> Dataset section:
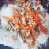 熱々ご飯に、【5】の寿司酢を混ぜ、【4】の具を入れサックリ混ぜて冷まします。
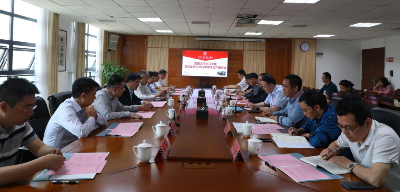 4月17日,学校对口支援贵州工程应用技术学院工作座谈会在贵州工程应用技术学院举行。学校党委书记李旭锋、副校长葛信勇,贵州工程应用技术学院党委书记令狐荣锋、校长张嗣杰、党委副书记向贤礼、副校长赵军出席会议。两校相关职能部门负责人参加会议。
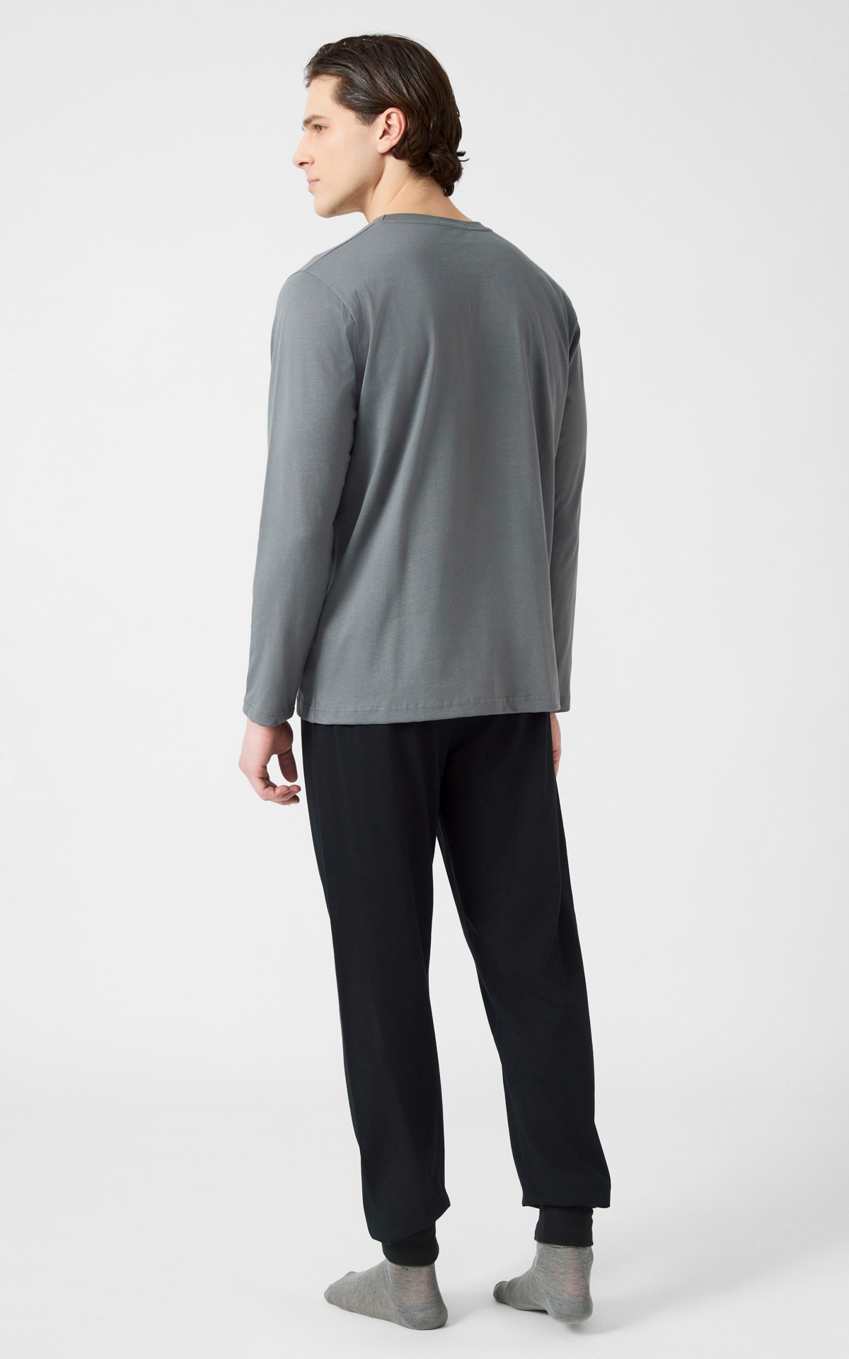 Χειμερινή πυζάμα από 100% βαμβακερό ύφασμα, υψηλής ποιότητος. Το σετ περιλαμβάνει μπλούζα με τύπωμα στο στήθος και παντελόνι με μπάσκες στα τελειώματα. (Γκρι σκ.)

> Assignment:
Once the pictures are removed, repeat all of the data above exactly.

> Written response:
 熱々ご飯に、【5】の寿司酢を混ぜ、【4】の具を入れサックリ混ぜて冷まします。
 4月17日,学校对口支援贵州工程应用技术学院工作座谈会在贵州工程应用技术学院举行。学校党委书记李旭锋、副校长葛信勇,贵州工程应用技术学院党委书记令狐荣锋、校长张嗣杰、党委副书记向贤礼、副校长赵军出席会议。两校相关职能部门负责人参加会议。
 Χειμερινή πυζάμα από 100% βαμβακερό ύφασμα, υψηλής ποιότητος. Το σετ περιλαμβάνει μπλούζα με τύπωμα στο στήθος και παντελόνι με μπάσκες στα τελειώματα. (Γκρι σκ.)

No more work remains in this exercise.